Ouais décevant... l'histoire ralentit brusquement. Le comportement de Locke est un peu bizarre. 
Ouais c'est vrai le seul bon moment c'est Lybbie qui se change... et question....Et si elle était un des autres??? Mmmh?

A.


----------



## Adrienhb (11 Février 2006)

Chuis mitigé...
Ouais le suspens est là, nous tient jusqu'au boût et on se pose pleins de questions sur le futur. 
Mais justement... le futur... y vont faire comment avec cette nouvelle situation? Se taper tous dessus?
Donc passé un bon moment, mais je me demande où tout cela va nous mener...

Sinon, la scène de la radio était archi sympa et Sayid n'est pas un mauvais bougre et sort enfin de sa sinistrose post-Shannon, surtout quand il réalise qu'il veut l'aider à sa manière. Le dialogue aussi est sympa.
Le coup de l'enlèvement est dommage... sur les photos officielles on voit que ce n'est pas Charly. Et même si on les mettait de côté, je ne vois pas ce qu'ils vont faire de sa nouvelle personalité... ça fait un peu côté obsucre de la Force... Sawyer encore plus d'ailleurs...

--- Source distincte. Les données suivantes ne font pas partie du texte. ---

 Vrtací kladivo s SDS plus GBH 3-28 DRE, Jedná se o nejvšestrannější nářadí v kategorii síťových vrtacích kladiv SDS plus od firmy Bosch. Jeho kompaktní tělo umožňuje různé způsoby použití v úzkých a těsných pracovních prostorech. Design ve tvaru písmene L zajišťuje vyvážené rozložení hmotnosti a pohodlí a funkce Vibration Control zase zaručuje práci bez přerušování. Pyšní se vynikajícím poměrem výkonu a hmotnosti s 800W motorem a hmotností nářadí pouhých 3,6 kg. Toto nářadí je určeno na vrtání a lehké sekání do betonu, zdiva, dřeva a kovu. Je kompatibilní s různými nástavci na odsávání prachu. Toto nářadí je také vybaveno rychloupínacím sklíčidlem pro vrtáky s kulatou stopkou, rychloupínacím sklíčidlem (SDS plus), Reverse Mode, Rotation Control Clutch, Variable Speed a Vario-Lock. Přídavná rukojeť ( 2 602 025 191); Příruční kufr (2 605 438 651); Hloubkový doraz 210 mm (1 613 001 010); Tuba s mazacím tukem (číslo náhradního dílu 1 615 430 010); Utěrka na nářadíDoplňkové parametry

Bref... hâte de voir ce qui va se passer avec le prisonnier et le compteur à zéro...

A.


----------



## Caddie Rider (11 Février 2006)

Sympa ce petit épisode... On voit vraiment ce que sont les personnages...

On verra comment évolue la relation Sawyer & Jack

Vivement le prochain


----------



## Adrienhb (12 Février 2006)

Caddie Rider a dit:
			
		

> On verra comment évolue la relation Sawyer & Jack



Et puis avec Kate... tant avec l'un que l'autre d'ailleurs... pasque Ana-Lucia n'est pas loin...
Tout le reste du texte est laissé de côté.